• **Task input**

┌──

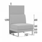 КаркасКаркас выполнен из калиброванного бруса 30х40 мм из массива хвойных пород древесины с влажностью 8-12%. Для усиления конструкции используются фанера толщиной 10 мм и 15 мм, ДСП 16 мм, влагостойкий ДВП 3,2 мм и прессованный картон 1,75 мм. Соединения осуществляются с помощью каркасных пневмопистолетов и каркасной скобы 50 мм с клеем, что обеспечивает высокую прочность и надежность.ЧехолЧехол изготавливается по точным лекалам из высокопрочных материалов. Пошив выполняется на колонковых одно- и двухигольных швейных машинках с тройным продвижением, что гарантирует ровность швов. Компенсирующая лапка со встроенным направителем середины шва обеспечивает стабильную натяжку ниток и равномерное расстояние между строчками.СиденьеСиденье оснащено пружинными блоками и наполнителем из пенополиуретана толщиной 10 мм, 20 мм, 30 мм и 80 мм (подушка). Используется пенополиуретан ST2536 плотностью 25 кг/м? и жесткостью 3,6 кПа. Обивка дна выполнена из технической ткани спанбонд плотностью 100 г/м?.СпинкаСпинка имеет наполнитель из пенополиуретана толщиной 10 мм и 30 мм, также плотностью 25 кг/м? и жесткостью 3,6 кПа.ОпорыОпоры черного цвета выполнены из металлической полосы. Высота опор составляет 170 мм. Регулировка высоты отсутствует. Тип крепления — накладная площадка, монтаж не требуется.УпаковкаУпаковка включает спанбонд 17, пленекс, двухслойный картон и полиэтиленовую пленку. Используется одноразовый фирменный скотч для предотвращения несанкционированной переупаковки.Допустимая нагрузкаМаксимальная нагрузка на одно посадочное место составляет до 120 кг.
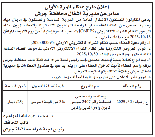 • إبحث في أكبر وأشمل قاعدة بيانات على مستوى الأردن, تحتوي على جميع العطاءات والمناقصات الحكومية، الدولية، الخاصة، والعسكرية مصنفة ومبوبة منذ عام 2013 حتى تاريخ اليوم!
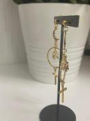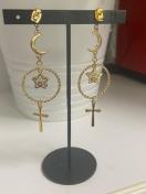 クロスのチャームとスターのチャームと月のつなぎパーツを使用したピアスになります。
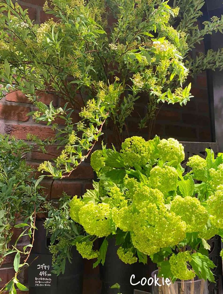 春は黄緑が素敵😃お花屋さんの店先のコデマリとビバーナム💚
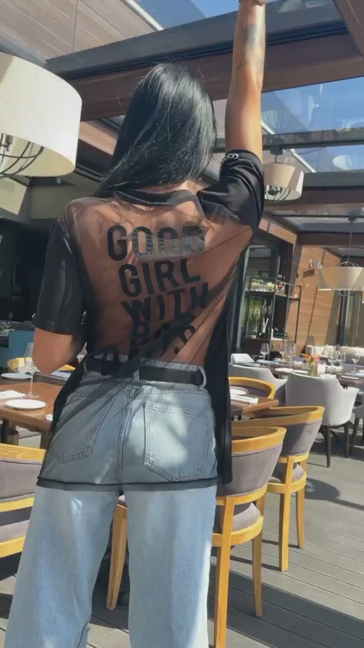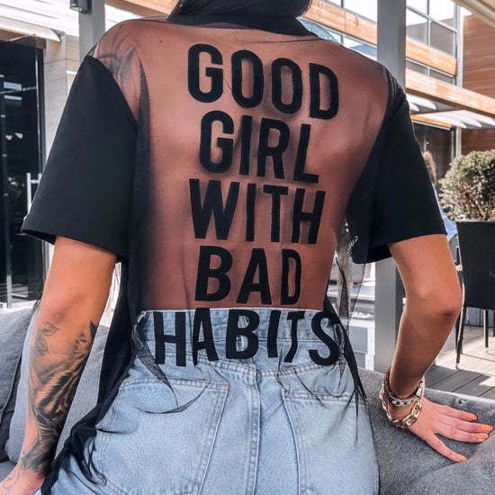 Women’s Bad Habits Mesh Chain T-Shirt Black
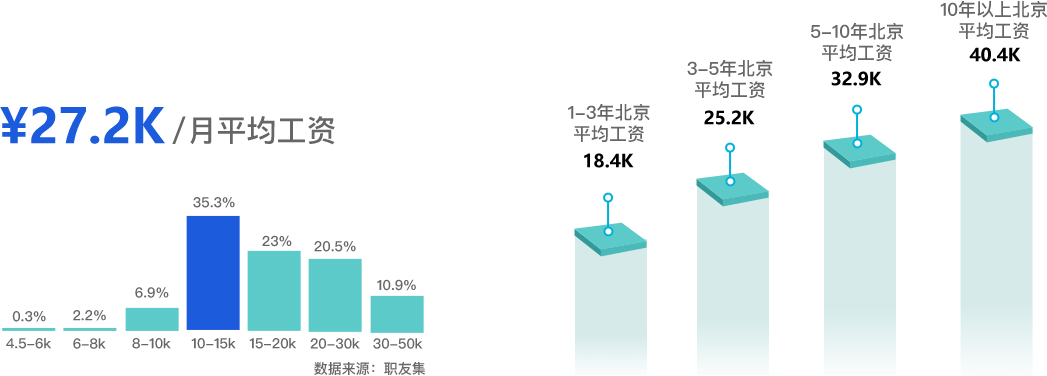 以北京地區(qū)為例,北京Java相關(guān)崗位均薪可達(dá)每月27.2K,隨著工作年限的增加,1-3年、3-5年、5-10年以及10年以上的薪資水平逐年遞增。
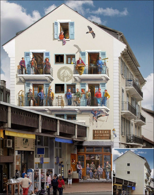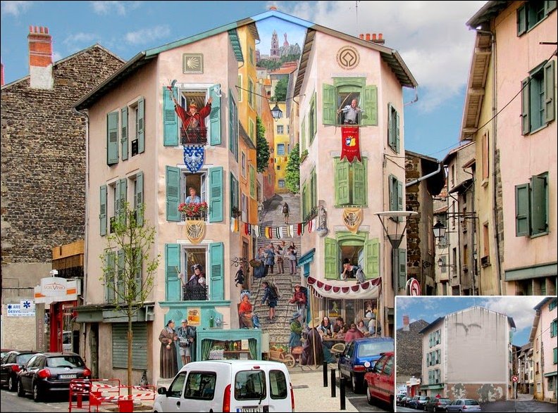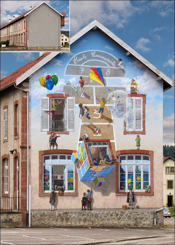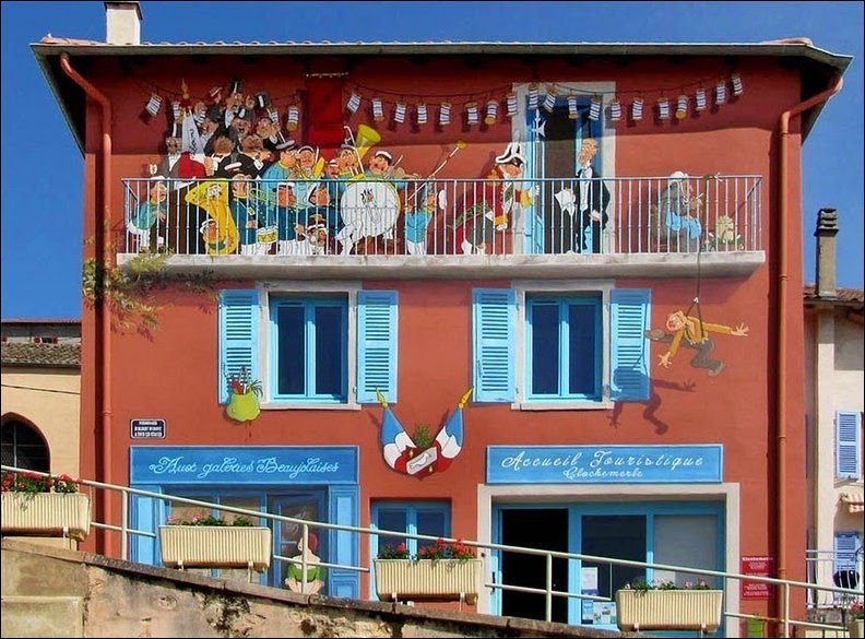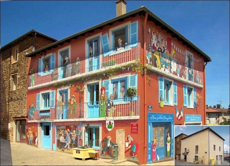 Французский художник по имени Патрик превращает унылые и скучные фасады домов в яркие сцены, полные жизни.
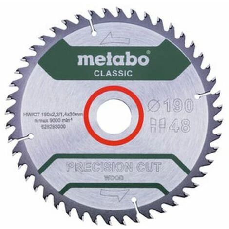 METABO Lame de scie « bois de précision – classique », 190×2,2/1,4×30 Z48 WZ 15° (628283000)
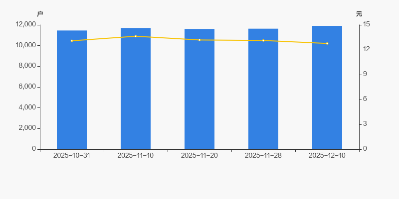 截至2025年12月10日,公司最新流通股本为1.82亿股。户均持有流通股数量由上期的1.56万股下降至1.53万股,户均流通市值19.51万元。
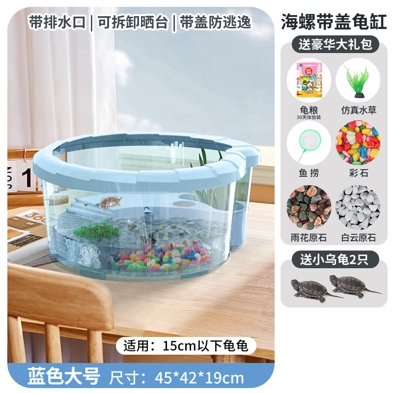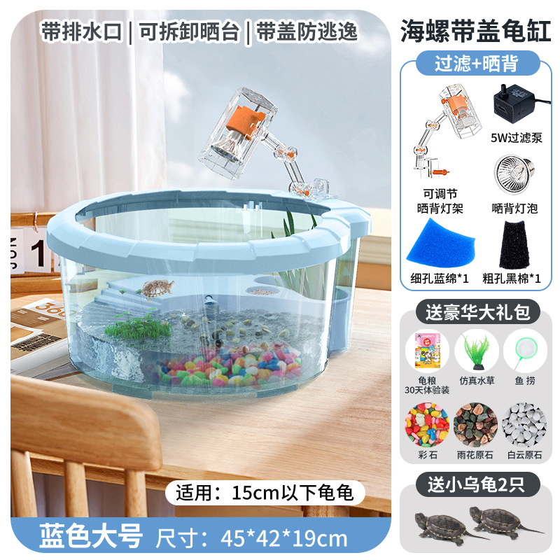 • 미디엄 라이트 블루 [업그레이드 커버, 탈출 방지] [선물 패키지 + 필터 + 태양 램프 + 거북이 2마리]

└──
┌──

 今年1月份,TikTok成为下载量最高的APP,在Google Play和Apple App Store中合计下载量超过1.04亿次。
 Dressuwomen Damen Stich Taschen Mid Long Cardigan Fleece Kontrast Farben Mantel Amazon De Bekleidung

└──
┌──

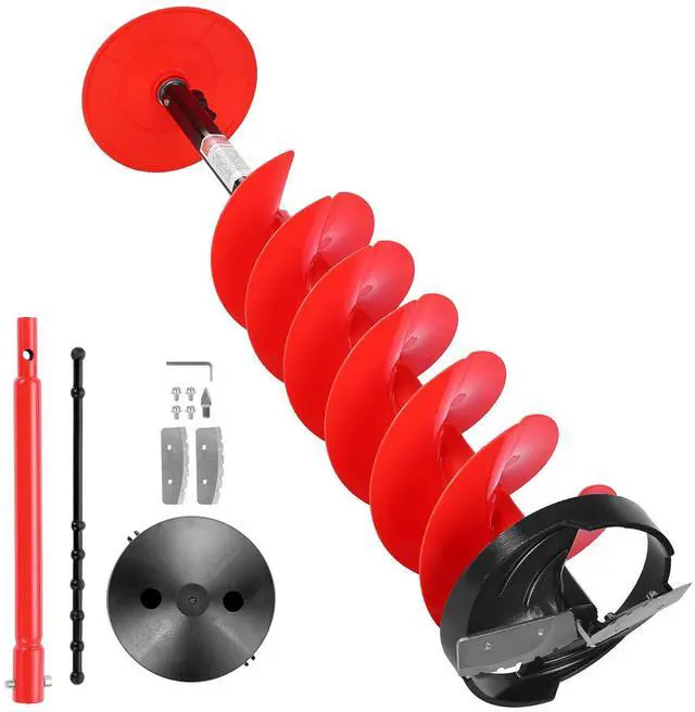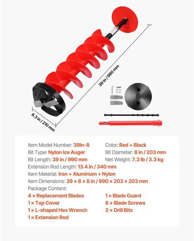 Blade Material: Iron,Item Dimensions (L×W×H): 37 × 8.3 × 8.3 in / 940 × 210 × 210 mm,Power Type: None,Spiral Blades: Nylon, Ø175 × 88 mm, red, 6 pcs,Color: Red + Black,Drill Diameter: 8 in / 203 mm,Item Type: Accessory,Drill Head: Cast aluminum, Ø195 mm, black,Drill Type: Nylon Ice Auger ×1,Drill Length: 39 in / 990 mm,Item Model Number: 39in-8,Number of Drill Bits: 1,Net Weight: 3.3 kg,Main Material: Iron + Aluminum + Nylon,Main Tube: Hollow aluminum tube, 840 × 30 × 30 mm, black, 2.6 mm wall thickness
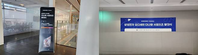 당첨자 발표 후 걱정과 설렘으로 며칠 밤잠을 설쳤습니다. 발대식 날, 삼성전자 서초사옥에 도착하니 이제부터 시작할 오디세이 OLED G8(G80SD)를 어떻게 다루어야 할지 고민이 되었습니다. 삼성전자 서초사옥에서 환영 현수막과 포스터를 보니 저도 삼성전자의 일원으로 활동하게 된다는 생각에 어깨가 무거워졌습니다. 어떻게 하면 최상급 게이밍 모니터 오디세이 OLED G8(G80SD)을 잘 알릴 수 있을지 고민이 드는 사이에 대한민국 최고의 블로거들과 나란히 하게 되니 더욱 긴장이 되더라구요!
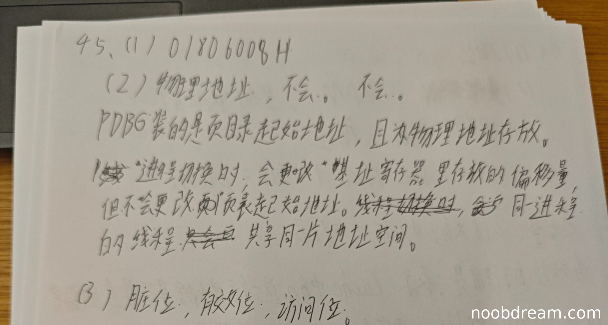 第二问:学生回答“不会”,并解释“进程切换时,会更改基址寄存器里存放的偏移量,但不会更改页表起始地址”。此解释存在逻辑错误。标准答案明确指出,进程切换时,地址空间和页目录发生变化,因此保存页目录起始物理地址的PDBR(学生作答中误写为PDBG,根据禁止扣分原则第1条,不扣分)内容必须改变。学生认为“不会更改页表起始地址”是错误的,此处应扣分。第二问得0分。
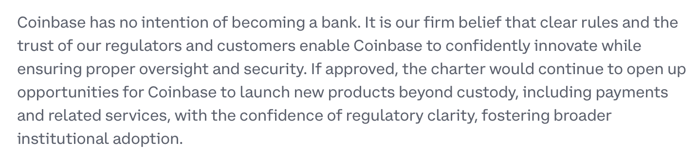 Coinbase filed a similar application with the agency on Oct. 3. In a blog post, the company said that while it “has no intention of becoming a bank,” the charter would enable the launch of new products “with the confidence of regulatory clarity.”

└──

• **What you need to do**
Starting at the line containing "Women’s Bad Habits Mesh Chain T-Shirt Black" and stopping at the line containing "램프 + 거북이 2마리]", output each line exactly as it appears above. Leave out the pictures.

• **Exercise output**
 Women’s Bad Habits Mesh Chain T-Shirt Black
 以北京地區(qū)為例,北京Java相關(guān)崗位均薪可達(dá)每月27.2K,隨著工作年限的增加,1-3年、3-5年、5-10年以及10年以上的薪資水平逐年遞增。
 Французский художник по имени Патрик превращает унылые и скучные фасады домов в яркие сцены, полные жизни.
 METABO Lame de scie « bois de précision – classique », 190×2,2/1,4×30 Z48 WZ 15° (628283000)
 截至2025年12月10日,公司最新流通股本为1.82亿股。户均持有流通股数量由上期的1.56万股下降至1.53万股,户均流通市值19.51万元。
 • 미디엄 라이트 블루 [업그레이드 커버, 탈출 방지] [선물 패키지 + 필터 + 태양 램프 + 거북이 2마리]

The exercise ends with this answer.